• TRY IT
Exact copy, no pictures: output each line below as it stands.

• DATA SHOWN
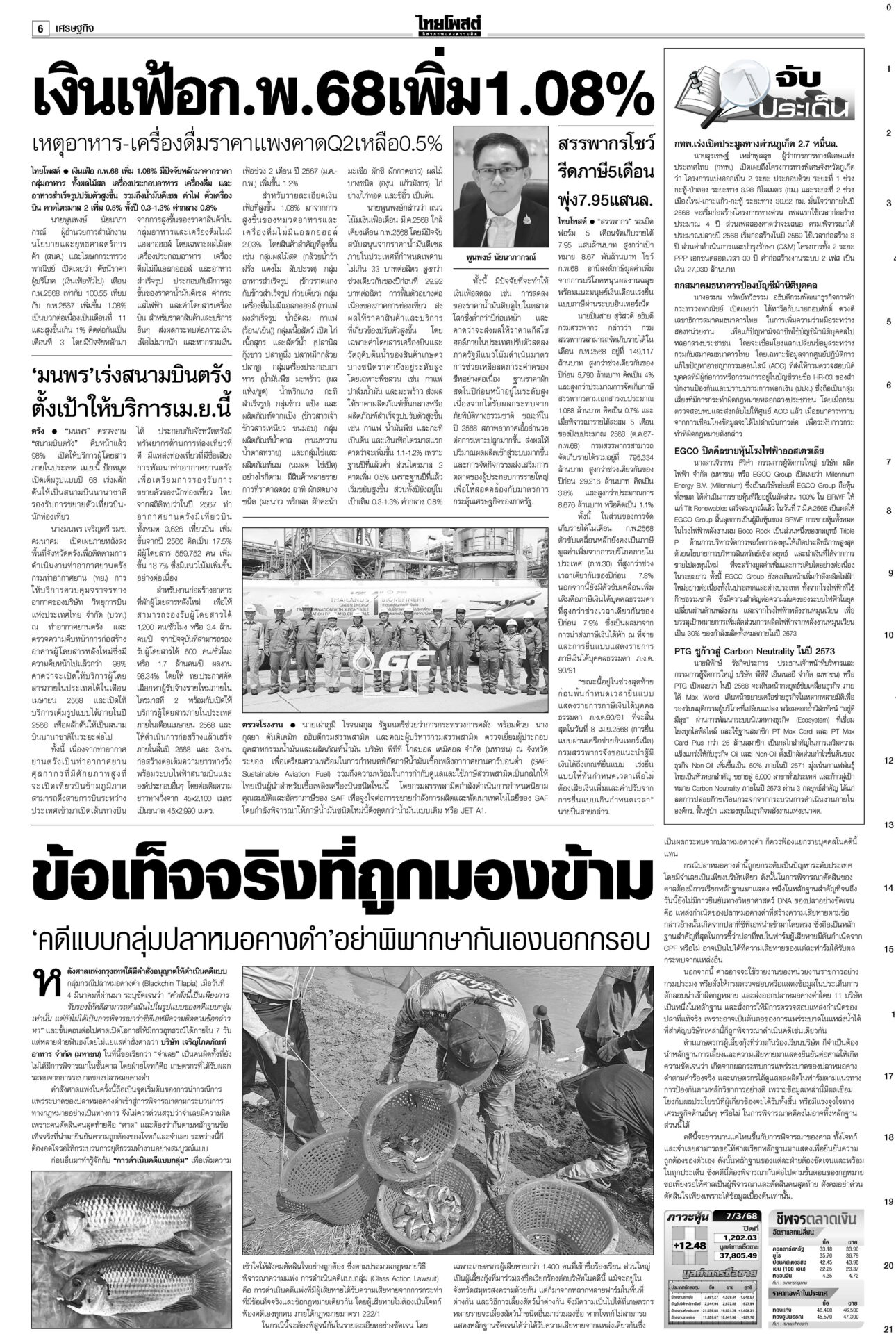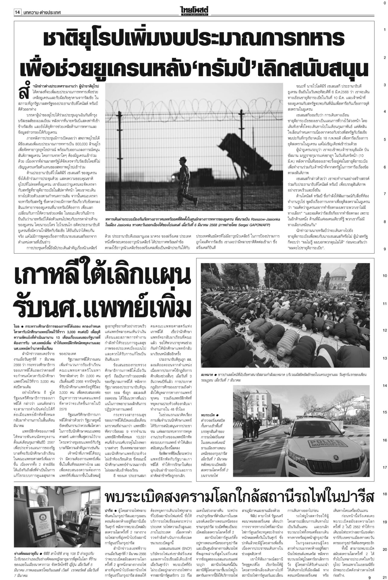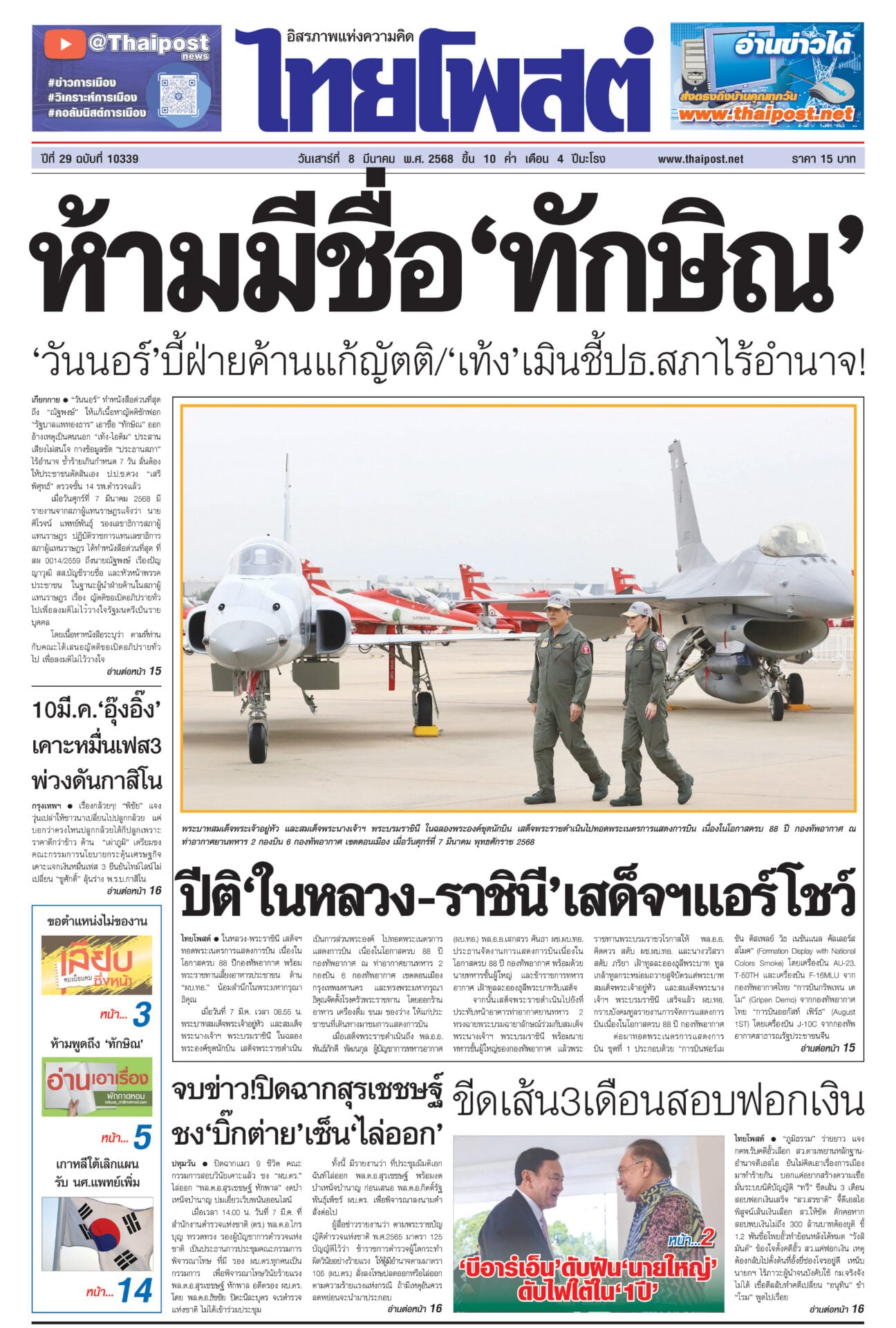 หนังสือพิมพ์ ฉบับวันที่ 8 มีนาคม 2568ข่าวหน้าหนึ่งห้ามมีชื่อ‘ทักษิณ’ ‘วันนอร์’บี้ฝ่ายค้านแก้ญัตติ/‘เท้ง’เมินชี้ปธ.สภาไร้อำนาจ!“วันนอร์” ทำหนังสือด่วนที่สุดถึง “ณัฐพงษ์” ให้แก้เนื้อหาญัตติซักฟอก ปีติ‘ในหลวง-ราชินี’เสด็จฯแอร์โชว์ในหลวง-พระราชินี เสด็จฯ ทอดพระเนตรการแสดงการบิน 10มี.ค.‘อุ๊งอิ๊ง’ เคาะหมื่นเฟส3 พ่วงดันกาสิโนเรื่องกล้วยๆ! “พิชัย” แจงวุ่นเปล่าให้ชาวนาเปลี่ยนไปปลูกกล้วย จบข่าว!ปิดฉากสุรเชชษฐ์ ชง‘บิ๊กต่าย’เซ็น‘ไล่ออก’ปิดฉากแมว 9 ชีวิต คณะกรรมการสอบวินัยเคาะแล้ว ชง “ผบ.ตร.” ไล่ออก “พล.ต.อ.สุรเชชษฐ์ หักพาล” งดบำเหน็จบำนาญ ปมเอี่ยวเว็บพนันออนไลน์ ขีดเส้น3เดือนสอบฟอกเงิน“ภูมิธรรม” ร่ายยาว แจง กคพ.รับคดีฮั้วเลือก สว.ตามพยานหลักฐาน-อำนาจดีเอสไอ
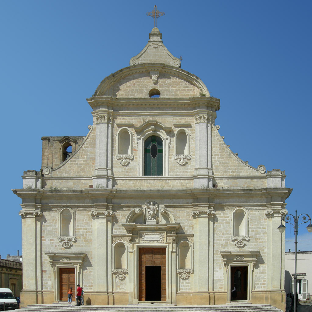 이 성당은 2개의 층으로 나뉜 웅장한 바로크 건축 양식의 정면을 가지고 있으며, 입구 위에는 성모 승천 조각상이 있고, 양쪽에는 정교한 장식으로 꾸며진 작은 문이 두 개 있다. 내부 구조는 3개의 복도를 가진 라틴 십자 형태이며, 화려한 금도금 석고로 장식되어 있다. 별 모양 천장이 있는 복도에는 십자가에 못 박힌 예수, 성 프란치스코 하비에르/San Francesco Saverioit, 성 오론초/Sant'Oronzoit, 카르미네의 성모, 성 코스마와 다미아노/Santi Cosma e Damianoit, 성 프란체스코 아시시/San Francesco d'Assisiit, 그리고 성 요셉과 같은 바로크 제단들이 있다. 오른쪽 익랑에는 14세기 성모상을 모신 묵주 기도의 성모 제단이 있다. 르네상스 양식의 세례당은 최근에 복원되었다.
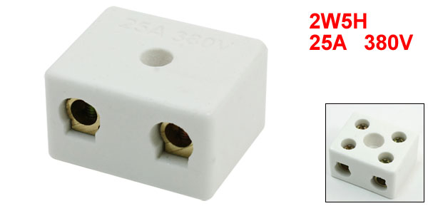Product Name Ceramic Terminal Block Type 2W5H Rating Current 25A Rating Voltage 380V Max. Withstand Temperature 500°C Total Size 3.8 x 3.1 x 2.3cm/1.5" x 1.2" x 0.9"(L*W*T) Screw Mounting Hole Dia 7mm/0.28" Materials Ceramic, Bronze Main Color White Net Weight 89g Package Content 1 x Ceramic Terminal Block - Reviews
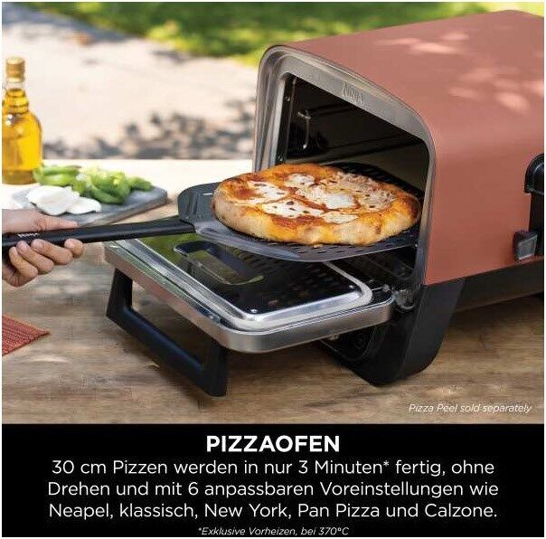 Backen Sie hausgemachte Pizzen ohne Wenden in weniger als 3 Minuten, mit 6 Pizzavoreinstellungen für jeden Geschmack: Neapel, klassisch, New York, Pan Pizza und Calzone.

• RESPONSE AREA
 หนังสือพิมพ์ ฉบับวันที่ 8 มีนาคม 2568ข่าวหน้าหนึ่งห้ามมีชื่อ‘ทักษิณ’ ‘วันนอร์’บี้ฝ่ายค้านแก้ญัตติ/‘เท้ง’เมินชี้ปธ.สภาไร้อำนาจ!“วันนอร์” ทำหนังสือด่วนที่สุดถึง “ณัฐพงษ์” ให้แก้เนื้อหาญัตติซักฟอก ปีติ‘ในหลวง-ราชินี’เสด็จฯแอร์โชว์ในหลวง-พระราชินี เสด็จฯ ทอดพระเนตรการแสดงการบิน 10มี.ค.‘อุ๊งอิ๊ง’ เคาะหมื่นเฟส3 พ่วงดันกาสิโนเรื่องกล้วยๆ! “พิชัย” แจงวุ่นเปล่าให้ชาวนาเปลี่ยนไปปลูกกล้วย จบข่าว!ปิดฉากสุรเชชษฐ์ ชง‘บิ๊กต่าย’เซ็น‘ไล่ออก’ปิดฉากแมว 9 ชีวิต คณะกรรมการสอบวินัยเคาะแล้ว ชง “ผบ.ตร.” ไล่ออก “พล.ต.อ.สุรเชชษฐ์ หักพาล” งดบำเหน็จบำนาญ ปมเอี่ยวเว็บพนันออนไลน์ ขีดเส้น3เดือนสอบฟอกเงิน“ภูมิธรรม” ร่ายยาว แจง กคพ.รับคดีฮั้วเลือก สว.ตามพยานหลักฐาน-อำนาจดีเอสไอ
 이 성당은 2개의 층으로 나뉜 웅장한 바로크 건축 양식의 정면을 가지고 있으며, 입구 위에는 성모 승천 조각상이 있고, 양쪽에는 정교한 장식으로 꾸며진 작은 문이 두 개 있다. 내부 구조는 3개의 복도를 가진 라틴 십자 형태이며, 화려한 금도금 석고로 장식되어 있다. 별 모양 천장이 있는 복도에는 십자가에 못 박힌 예수, 성 프란치스코 하비에르/San Francesco Saverioit, 성 오론초/Sant'Oronzoit, 카르미네의 성모, 성 코스마와 다미아노/Santi Cosma e Damianoit, 성 프란체스코 아시시/San Francesco d'Assisiit, 그리고 성 요셉과 같은 바로크 제단들이 있다. 오른쪽 익랑에는 14세기 성모상을 모신 묵주 기도의 성모 제단이 있다. 르네상스 양식의 세례당은 최근에 복원되었다.
Product Name Ceramic Terminal Block Type 2W5H Rating Current 25A Rating Voltage 380V Max. Withstand Temperature 500°C Total Size 3.8 x 3.1 x 2.3cm/1.5" x 1.2" x 0.9"(L*W*T) Screw Mounting Hole Dia 7mm/0.28" Materials Ceramic, Bronze Main Color White Net Weight 89g Package Content 1 x Ceramic Terminal Block - Reviews
 Backen Sie hausgemachte Pizzen ohne Wenden in weniger als 3 Minuten, mit 6 Pizzavoreinstellungen für jeden Geschmack: Neapel, klassisch, New York, Pan Pizza und Calzone.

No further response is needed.